So in yesterday's notes I provided two logistic regression models that predict accuracy given confidence and remember/know/guess judgment. I noted that I was presenting results of a global regression, rather than the average of individualized subject-level regressions. Unfortunately, when we look at those, they aren't so pretty -- look if you dare:
Why is this happening, you ask? Well, it's mainly due to a few outlier subjects who have extraordinary remember and know coefficients. Subject 2 is -2142 log odds when he (or she) responds know, and Subject 19 is +1298 log odds when he responds remember. For reference, most of these other values are between -5 and 5.
So why do we have these outlier subjects? It comes down to strange variability in responding. For example, Subject 2, who had such weird data for know responses, shows some pretty unusual responses. Let's look at when he responds know:
Do you notice what he's doing? He rates his confidence as 100 (on a 0-100 scale) every time he responds know. He's also right every time he responds know. (Someone who misunderstood the instructions?) Obviously, this is going to throw off the prediction equations.

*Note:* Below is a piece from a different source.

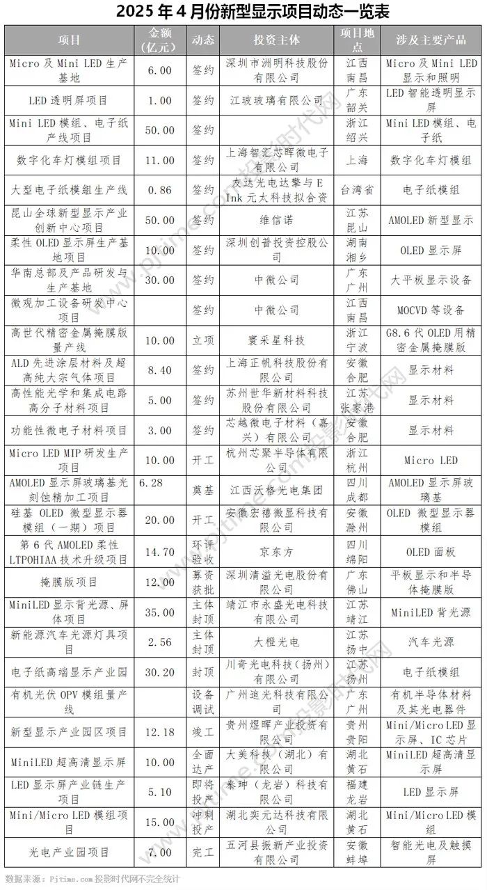 进入2025年4月份,LED、OLED、电子纸等新型显示项目投资依然火热。据Pjtime.com不完全统计,本月共有27个LED显示屏、MLED背光模组、AMOLED、Micro OLED硅基微显示、电子纸、平板显示、透明显示、触摸屏、车载显示、显示材料与制造装备等新型显示项目传来最新进展。涉及投资金额超过365亿人民币。

So now the challenge becomes "come up with a rule to exclude outliers," if such a rule is needed. If you talk to open science types, they'll suggest that I should have come up with this rule before looking at the data. But this reveals an issue with such a strategy: This is the first time I've conducted this kind of research, and didn't know I would be bumping into this type of issue (let alone what a rule for dealing with outliers should be).
Of course, the solution is transparency -- I'll have to say this in my dissertation, and perhaps use the experience of this study to craft an outlier rule for use in the future Experiment 3.